━━━ SOURCE RECORDS ━━━

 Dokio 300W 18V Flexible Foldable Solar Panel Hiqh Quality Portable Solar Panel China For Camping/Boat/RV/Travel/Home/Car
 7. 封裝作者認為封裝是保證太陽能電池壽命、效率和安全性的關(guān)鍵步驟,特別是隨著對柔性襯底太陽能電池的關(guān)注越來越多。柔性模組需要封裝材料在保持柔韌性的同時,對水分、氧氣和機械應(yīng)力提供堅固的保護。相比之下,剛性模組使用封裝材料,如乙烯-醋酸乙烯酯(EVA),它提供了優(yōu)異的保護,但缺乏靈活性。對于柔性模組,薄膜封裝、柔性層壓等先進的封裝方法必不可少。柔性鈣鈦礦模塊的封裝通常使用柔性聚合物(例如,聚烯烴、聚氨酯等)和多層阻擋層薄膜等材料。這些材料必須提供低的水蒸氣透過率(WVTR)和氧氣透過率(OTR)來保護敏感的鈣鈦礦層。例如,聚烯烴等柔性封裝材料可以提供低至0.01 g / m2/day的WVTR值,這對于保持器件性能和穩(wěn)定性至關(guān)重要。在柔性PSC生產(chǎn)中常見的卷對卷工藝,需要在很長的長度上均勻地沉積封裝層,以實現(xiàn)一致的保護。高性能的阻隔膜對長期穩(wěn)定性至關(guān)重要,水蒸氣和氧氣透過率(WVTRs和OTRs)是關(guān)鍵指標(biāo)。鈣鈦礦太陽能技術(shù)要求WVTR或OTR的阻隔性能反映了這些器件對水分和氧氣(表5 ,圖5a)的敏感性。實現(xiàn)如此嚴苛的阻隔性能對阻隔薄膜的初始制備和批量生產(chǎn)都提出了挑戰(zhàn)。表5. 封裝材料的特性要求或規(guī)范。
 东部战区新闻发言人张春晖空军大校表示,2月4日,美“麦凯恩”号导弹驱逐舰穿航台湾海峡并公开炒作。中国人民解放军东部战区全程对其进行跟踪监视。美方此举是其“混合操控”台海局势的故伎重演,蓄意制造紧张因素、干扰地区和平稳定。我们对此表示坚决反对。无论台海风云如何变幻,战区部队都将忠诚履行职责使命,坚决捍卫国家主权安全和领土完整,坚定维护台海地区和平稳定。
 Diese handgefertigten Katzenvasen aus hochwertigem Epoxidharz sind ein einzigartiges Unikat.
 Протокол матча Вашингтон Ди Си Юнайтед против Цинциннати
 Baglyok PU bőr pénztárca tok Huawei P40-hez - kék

━━━
━━━ SOURCE RECORDS ━━━

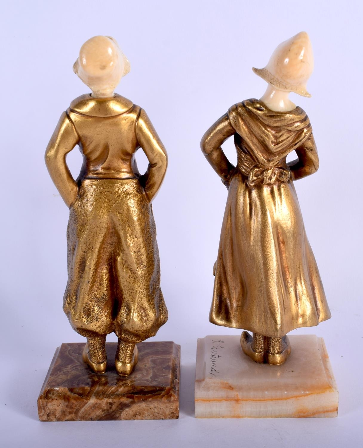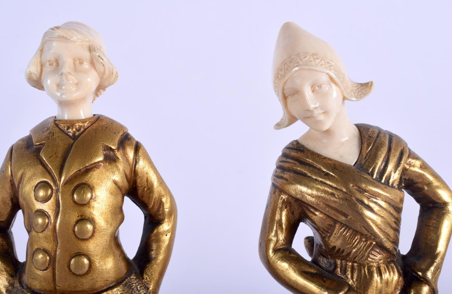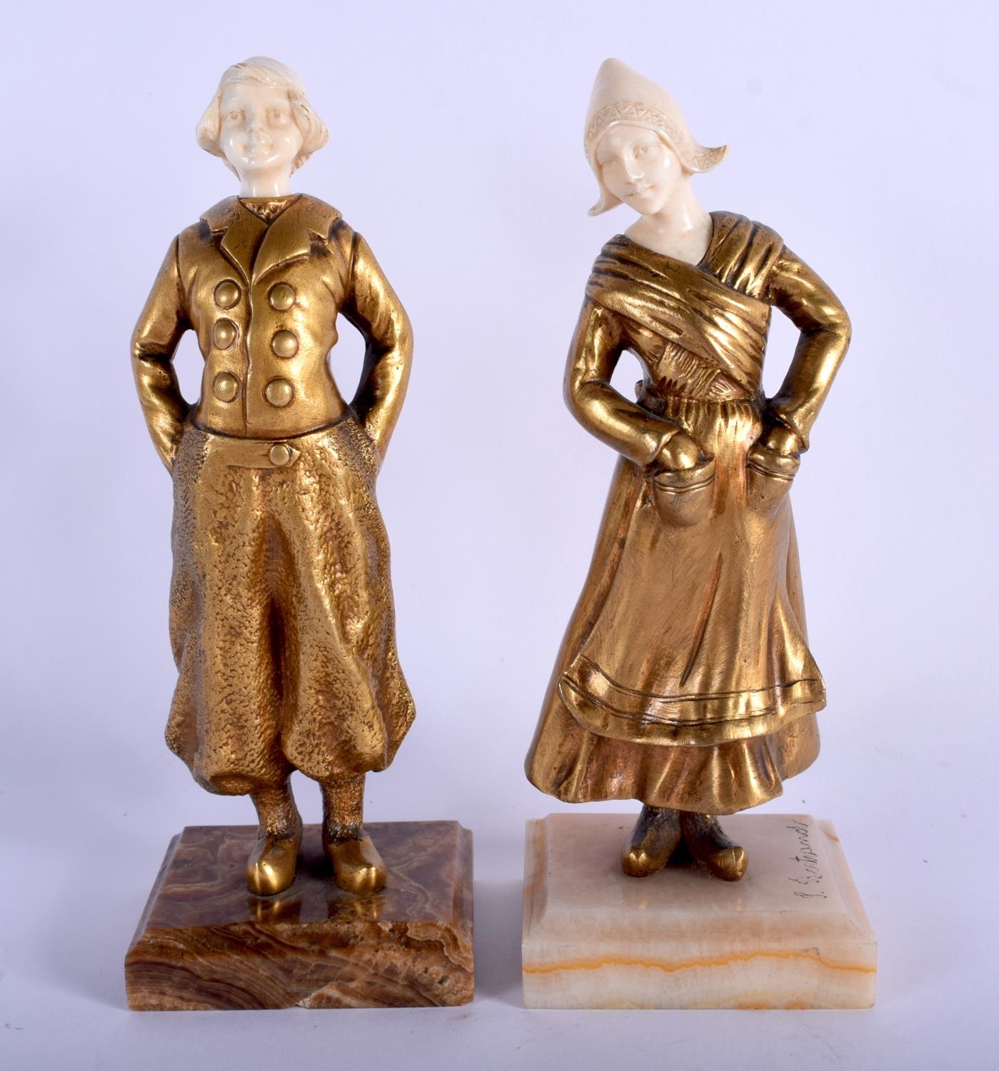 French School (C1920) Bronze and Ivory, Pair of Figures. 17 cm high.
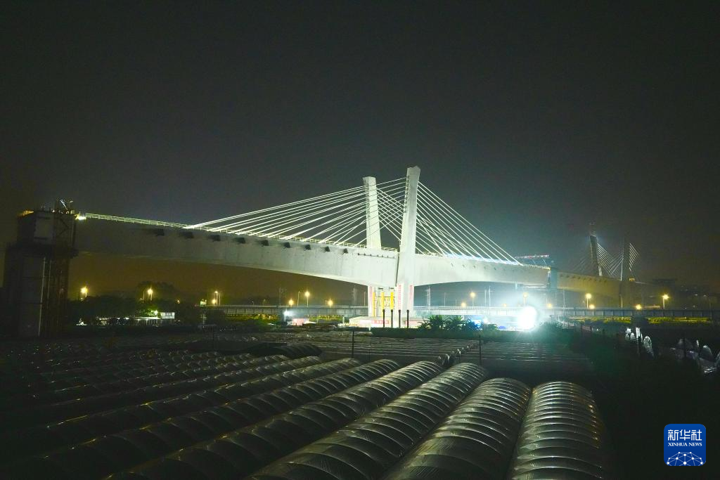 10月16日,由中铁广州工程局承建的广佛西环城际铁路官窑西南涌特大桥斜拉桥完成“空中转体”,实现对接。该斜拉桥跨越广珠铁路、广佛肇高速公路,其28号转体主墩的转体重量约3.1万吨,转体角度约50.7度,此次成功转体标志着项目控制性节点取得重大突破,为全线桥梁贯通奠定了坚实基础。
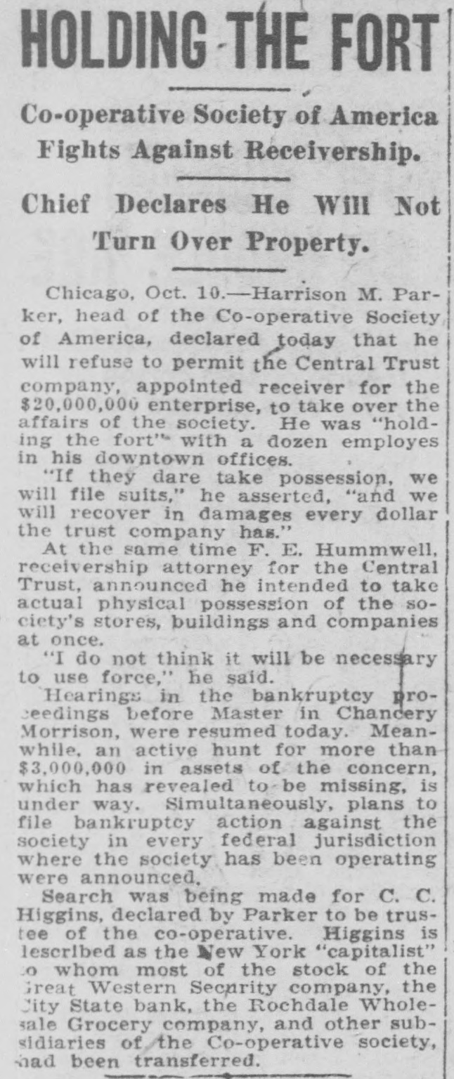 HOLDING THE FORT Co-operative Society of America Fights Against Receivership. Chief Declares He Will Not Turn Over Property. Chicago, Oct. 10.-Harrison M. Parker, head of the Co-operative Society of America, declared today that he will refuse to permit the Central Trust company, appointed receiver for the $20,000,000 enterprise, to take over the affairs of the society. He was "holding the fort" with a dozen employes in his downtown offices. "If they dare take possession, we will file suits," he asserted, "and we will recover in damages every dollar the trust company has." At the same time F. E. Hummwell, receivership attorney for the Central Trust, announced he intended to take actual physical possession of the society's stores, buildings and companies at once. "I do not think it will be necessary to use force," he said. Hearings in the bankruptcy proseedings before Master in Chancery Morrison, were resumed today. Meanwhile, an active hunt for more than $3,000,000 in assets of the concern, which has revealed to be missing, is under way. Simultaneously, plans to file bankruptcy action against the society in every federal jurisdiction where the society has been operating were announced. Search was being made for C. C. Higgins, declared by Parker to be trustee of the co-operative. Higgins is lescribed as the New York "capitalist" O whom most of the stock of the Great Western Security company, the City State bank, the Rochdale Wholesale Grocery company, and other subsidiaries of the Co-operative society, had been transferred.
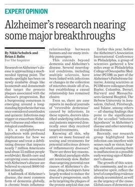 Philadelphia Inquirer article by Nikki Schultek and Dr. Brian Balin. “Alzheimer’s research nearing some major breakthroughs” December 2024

━━━

TRY IT:
Only one stretch of the records above is wanted: the lines between the one holding "Dokio 300W 18V" and the one holding "Протокол матча Вашингтон", inclusive, reproduced exactly.

COMPLETED TASK:
 Dokio 300W 18V Flexible Foldable Solar Panel Hiqh Quality Portable Solar Panel China For Camping/Boat/RV/Travel/Home/Car
 7. 封裝作者認為封裝是保證太陽能電池壽命、效率和安全性的關(guān)鍵步驟,特別是隨著對柔性襯底太陽能電池的關(guān)注越來越多。柔性模組需要封裝材料在保持柔韌性的同時,對水分、氧氣和機械應(yīng)力提供堅固的保護。相比之下,剛性模組使用封裝材料,如乙烯-醋酸乙烯酯(EVA),它提供了優(yōu)異的保護,但缺乏靈活性。對于柔性模組,薄膜封裝、柔性層壓等先進的封裝方法必不可少。柔性鈣鈦礦模塊的封裝通常使用柔性聚合物(例如,聚烯烴、聚氨酯等)和多層阻擋層薄膜等材料。這些材料必須提供低的水蒸氣透過率(WVTR)和氧氣透過率(OTR)來保護敏感的鈣鈦礦層。例如,聚烯烴等柔性封裝材料可以提供低至0.01 g / m2/day的WVTR值,這對于保持器件性能和穩(wěn)定性至關(guān)重要。在柔性PSC生產(chǎn)中常見的卷對卷工藝,需要在很長的長度上均勻地沉積封裝層,以實現(xiàn)一致的保護。高性能的阻隔膜對長期穩(wěn)定性至關(guān)重要,水蒸氣和氧氣透過率(WVTRs和OTRs)是關(guān)鍵指標(biāo)。鈣鈦礦太陽能技術(shù)要求WVTR或OTR的阻隔性能反映了這些器件對水分和氧氣(表5 ,圖5a)的敏感性。實現(xiàn)如此嚴苛的阻隔性能對阻隔薄膜的初始制備和批量生產(chǎn)都提出了挑戰(zhàn)。表5. 封裝材料的特性要求或規(guī)范。
 东部战区新闻发言人张春晖空军大校表示,2月4日,美“麦凯恩”号导弹驱逐舰穿航台湾海峡并公开炒作。中国人民解放军东部战区全程对其进行跟踪监视。美方此举是其“混合操控”台海局势的故伎重演,蓄意制造紧张因素、干扰地区和平稳定。我们对此表示坚决反对。无论台海风云如何变幻,战区部队都将忠诚履行职责使命,坚决捍卫国家主权安全和领土完整,坚定维护台海地区和平稳定。
 Diese handgefertigten Katzenvasen aus hochwertigem Epoxidharz sind ein einzigartiges Unikat.
 Протокол матча Вашингтон Ди Си Юнайтед против Цинциннати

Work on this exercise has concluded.